6.10.2006

-in the name of Allah-


another chapter, albeit much smaller, in life comes to a periodic close. i wonder if i'm happier now that i've saved myself from high likelihood of grief only to find no avail everywhere else. i'm a step away from what's good for me and i'm a step away from what's not, so what am i closer to? there should be a pill for turning off the nafs and everything that springs from it. sometimes there'd be relief to be found in complete indifference. as that's impossible for me, i meander forth.

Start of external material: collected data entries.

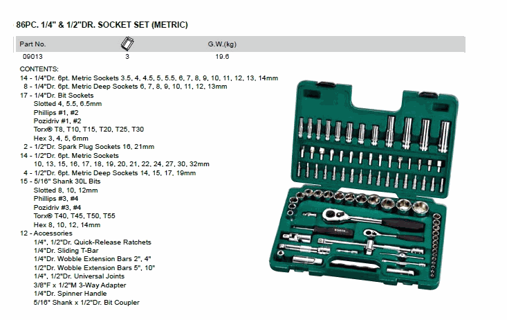 1/4inch Dr. 6pt. Metric Sockets 14pc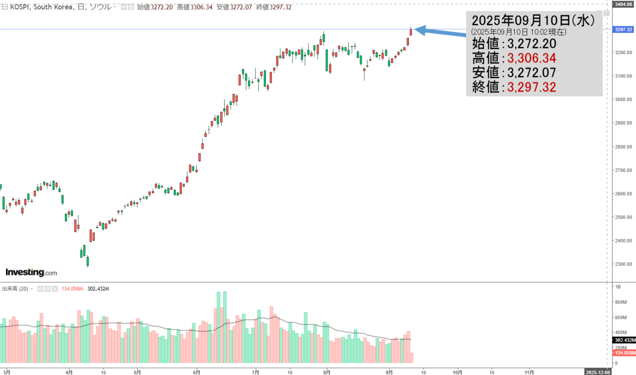 「韓国株式市場」09月10日(水)初動・KOSPI「3,297」ギャップアップ!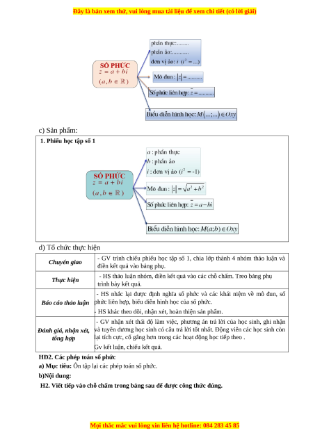 a) Mục tiêu: Ôn tập lại các phép toán số phức. b)Nội dung: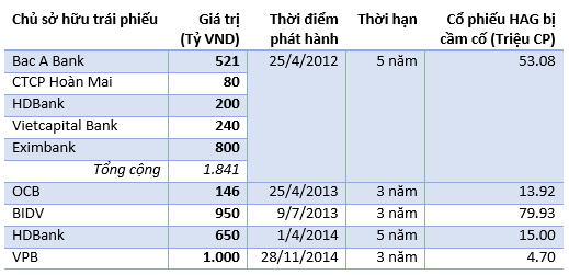Các trái phiếu này được phát hành từ giữa năm 2012 đến cuối năm 2014, trong phần lớn thời gian này giá HAG luôn ở trên mức 20.000 đồng/ cổ phiếu. Điều này có nghĩa là ở mức giá HAG hiện tại, giá trị các tài sản bảo đảm bằng cổ phiếu này đã giảm ít nhất 20%.
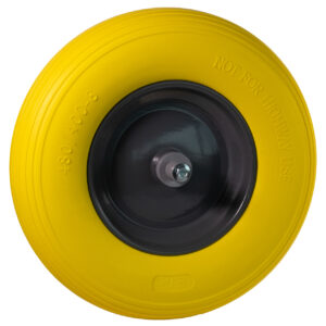 WIEL 400X8 GEEL SOFTWIEL METAAL KOGELLAGERSS 13 CM AS (VERNIEUWD ART. VOOR CW123/CW128)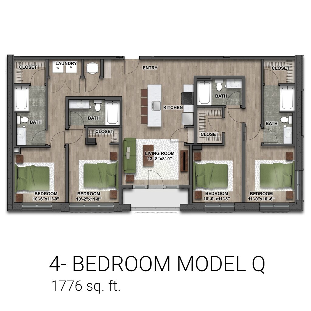 This property’s unique design is a nod to Cincinnati’s art deco roots with modern amenities and finishes. The Eden offers studio, one, two, three, and four-bedroom apartments and features in-unit laundry, as well as private bathrooms off of each bedroom. The community boasts amenities such as a pool, outdoor seating, fitness center, yoga room, and a multi-level clubhouse with study rooms. The Eden is situated minutes from UC’s main campus and UC Medical Campus. designed with everything you need!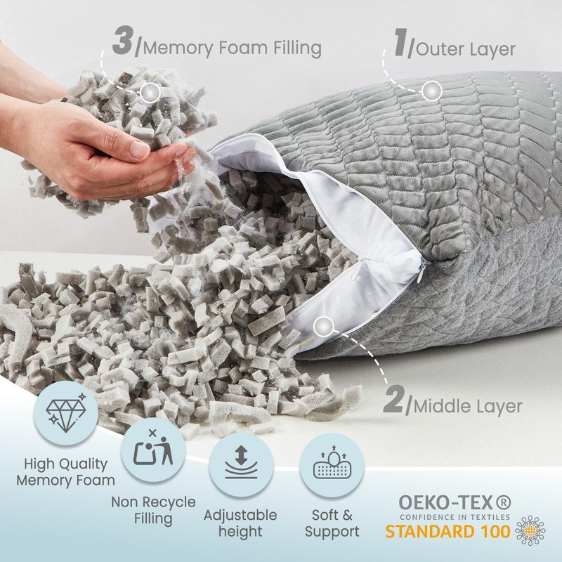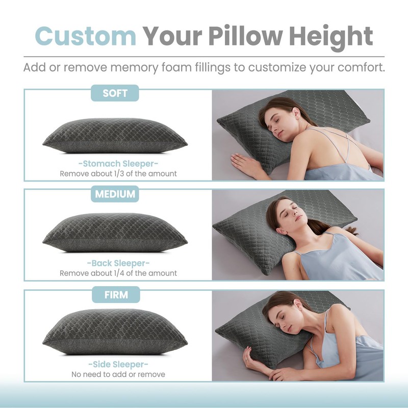 • Adjustable Pillow - Our memory foam pillow 2 pack comes with a generous amount of shredded memory foam to ensure adequate thickness. Simply remove some foam if it feels too firm or thick, and enjoy a comfortable sleep customized to suit you.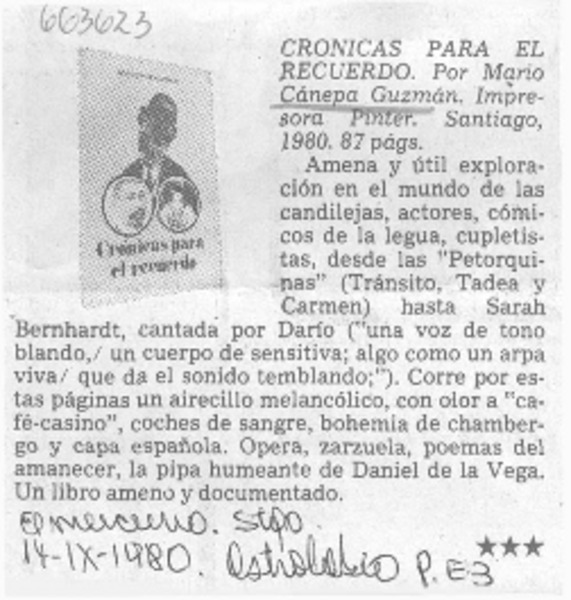 Autores chilenos - Crónicas para el recuerdo - Cánepa Guzmán, Mario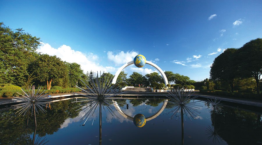 ????桂平北回歸線標(biāo)志塔坐落在桂平市石咀鎮(zhèn)小汶村附近,是我國(guó)建設(shè)的第七座北回歸線標(biāo)志塔。塔身高17.2米,跨度26米,形似一道彩虹,穿過(guò)一個(gè)直徑6米的地球,地球中間有一個(gè)直徑16厘米的小孔,名為“窺陽(yáng)孔”。每年夏至的正午時(shí)分,陽(yáng)光不偏不倚地穿過(guò)“窺陽(yáng)孔”,直射到標(biāo)志下方地面上的廣西壯族自治區(qū)地圖桂平點(diǎn)上,整個(gè)塔呈現(xiàn)神奇的“立竿無(wú)影”現(xiàn)象。這種神奇的現(xiàn)象也證實(shí)了桂平北回歸線塔建造的精準(zhǔn)性,不過(guò),錯(cuò)過(guò)這一時(shí)刻,就要再等一年才能目睹這一奇景了。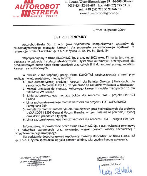 | Teksid Poland - montaż oświetlenia 20 centrów obróbczych wraz z całą instalacją sterowników komputerowych i wizualnych. |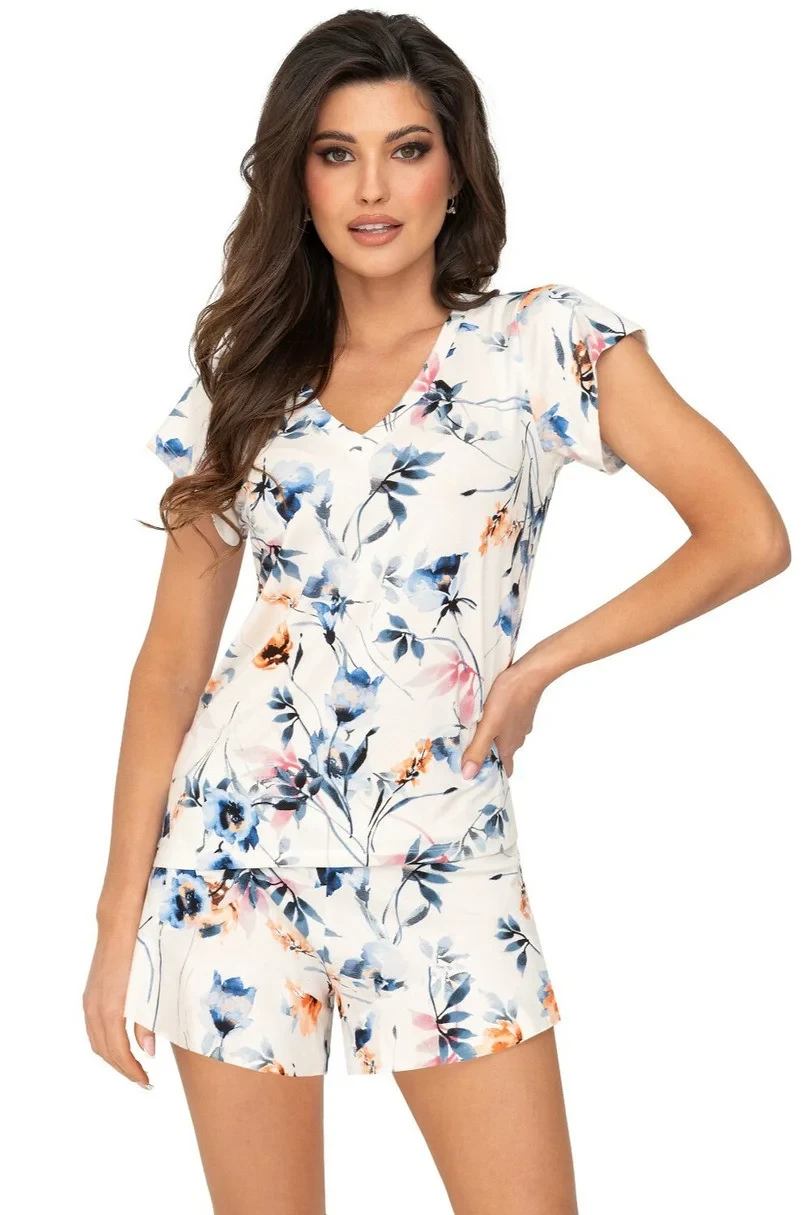 Viskózové dámské pyžamo s krátkými rukávy a krátkými šortkami. Pyžamo zdobí barevný květinový vzor, výstřih ve tvaru písmene "V".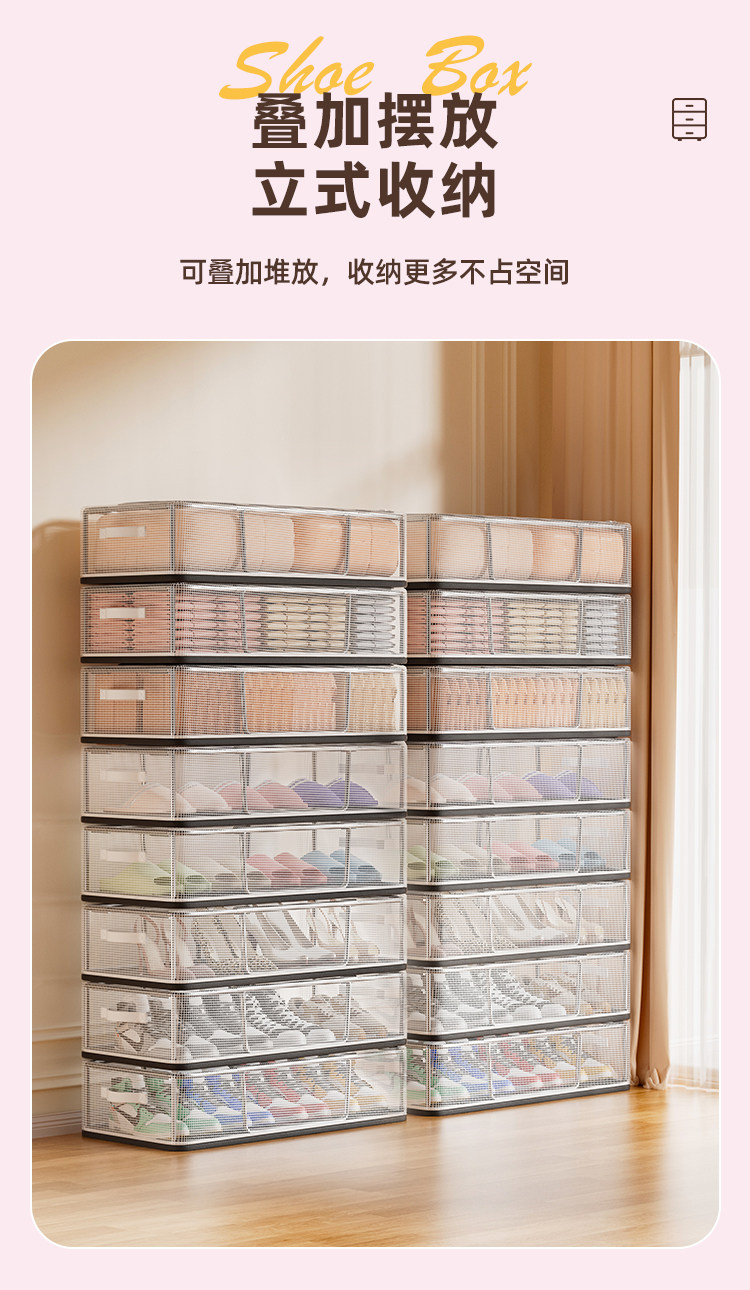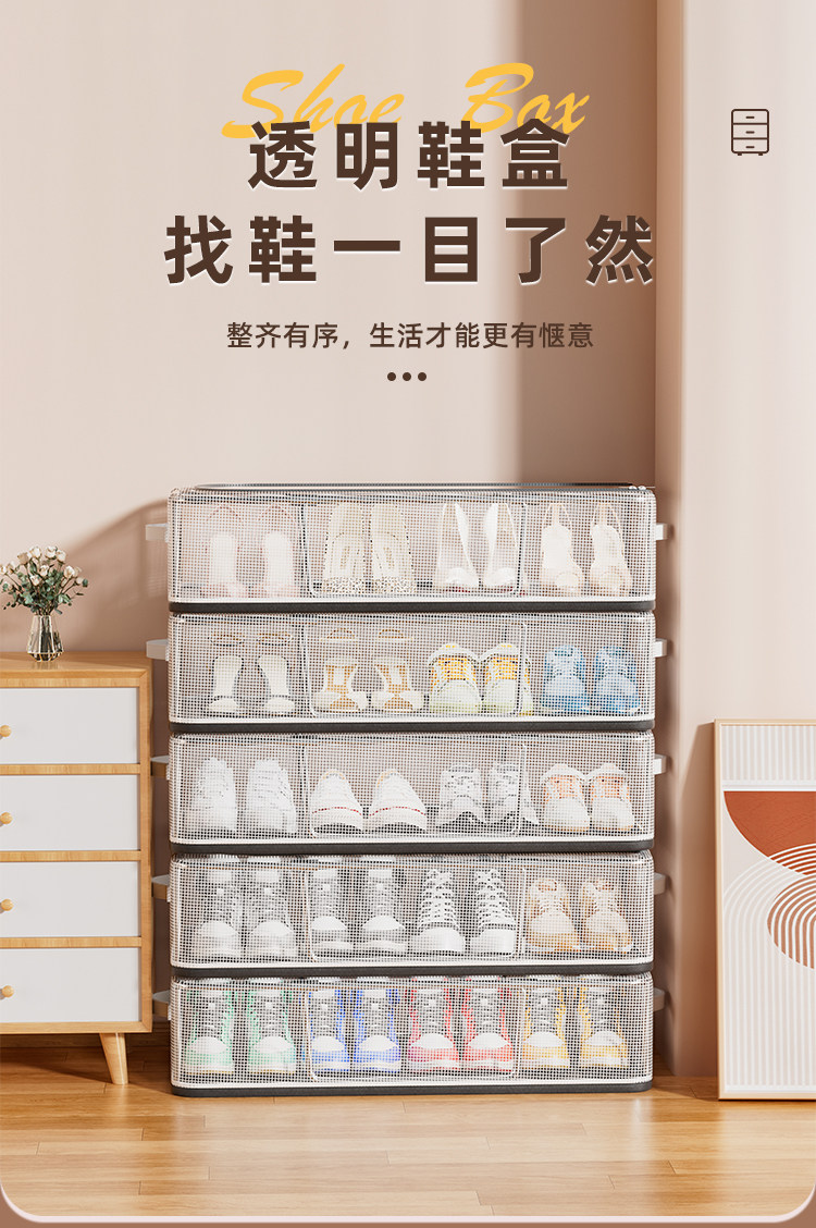 鞋子收纳神器鞋柜鞋盒透明省空间装存放靴子拖鞋专用可叠加整理箱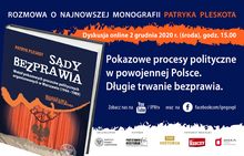 Dyskusja wokół najnowszej książki Patryka Pleskota Sądy bezprawia. Wokół pokazowych procesów politycznych organizowanych w Warszawie (1944-1989). O długim trwaniu bezprawia rozmawiali dr hab. Patryk Pleskot i Grzegorz Wołk.
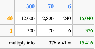 Finally, we add up all the sums we found in step 3 to get our final answer to 376 times 41.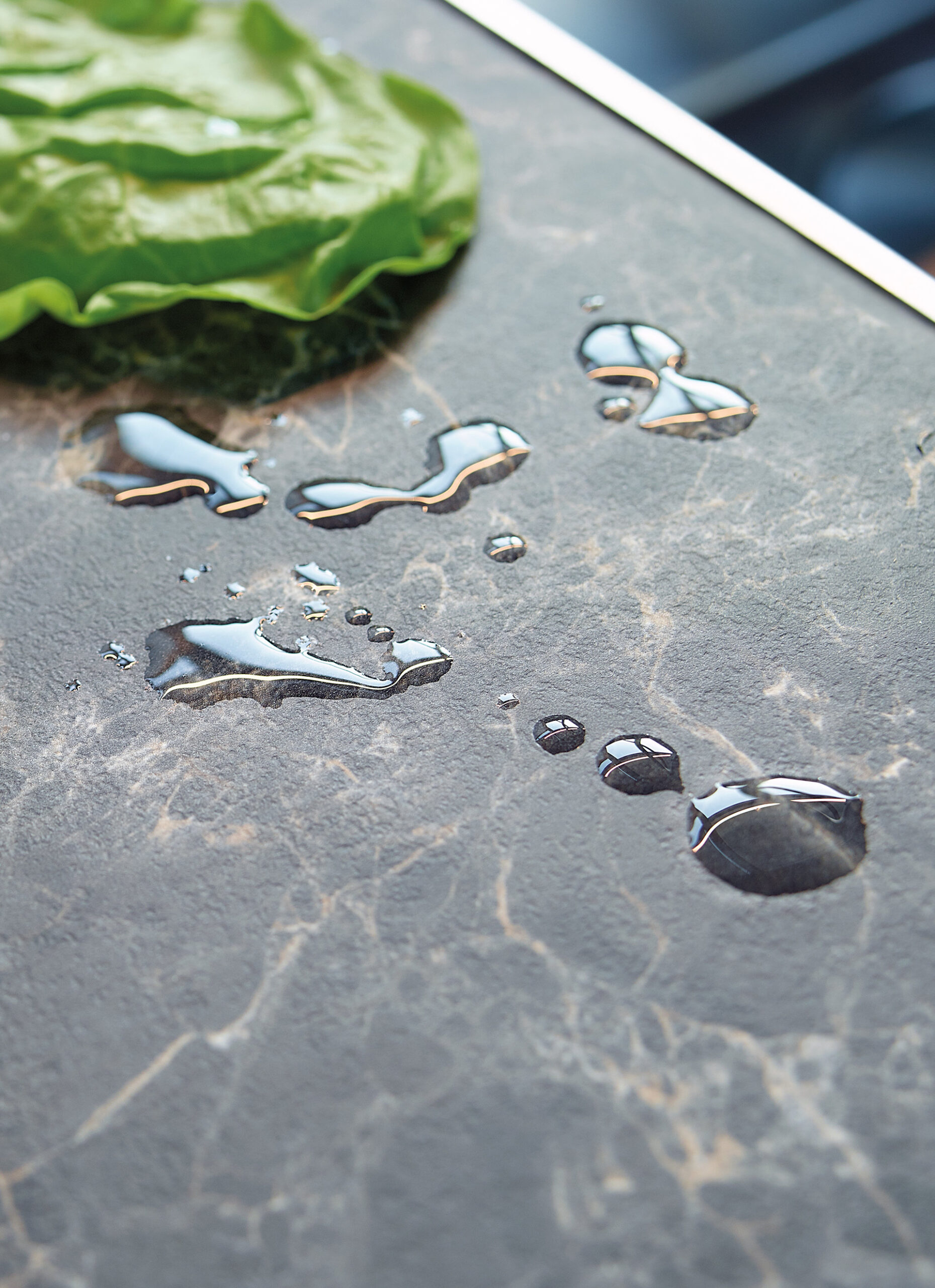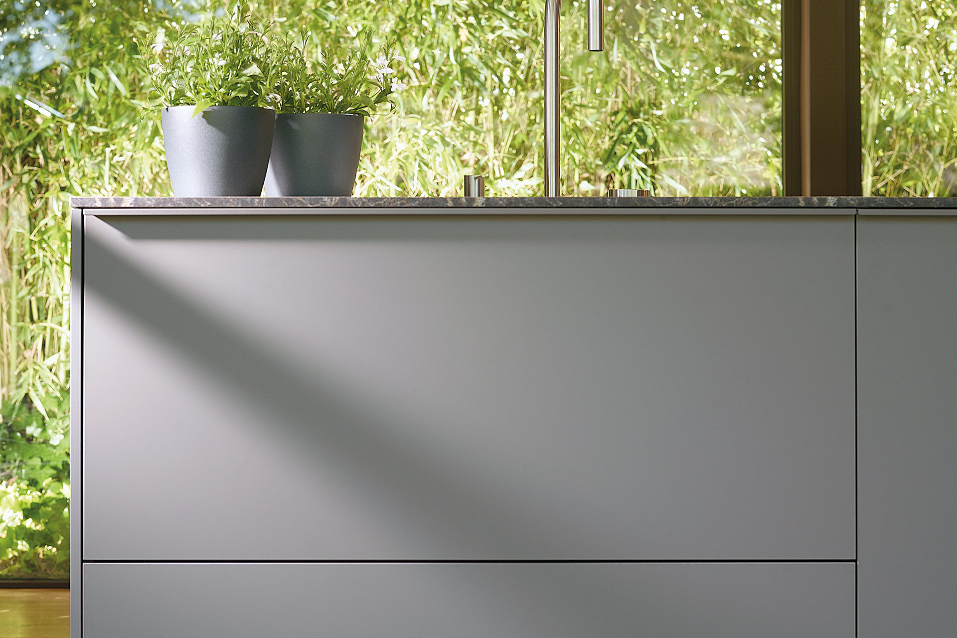 With its whimsical elegance, the Emperor Marble laminate worktop adds a special touch to the whole. The profile handle, with its sleek and practical design, makes it easy to open and access the contents of both base units and tall units.

certainty is gold, comfort is silver, if i could gift wrap myself an ounce of each i'd be a trillion dollars richer. you might wonder why give myself a gift, it's because i can't quite find the other half in a rear view mirror's tilt. of patterns this i've noticed, imagination is fruitless as long as life is corrosive. building so many towers out of dreamer's bricks, everything evaporates once the stars of fate become even remotely lit. letting go now to be a little safer later on, i see gatsby's ball failed and his only friend came when the bullet revolved. ambitions and dreams, desires and goals, all make up the idealistic idiot that fills all the cameo roles. like a mime i follow his signs and try to gain mastery of time, but what's real and unforeseen clouds my vision to what's a given buried in smokescreens. to each of these ryhmes add a drop of bitterness and a pound of frustration, bake for a lifetime, open the casket to reap heavenly or hellish gestation.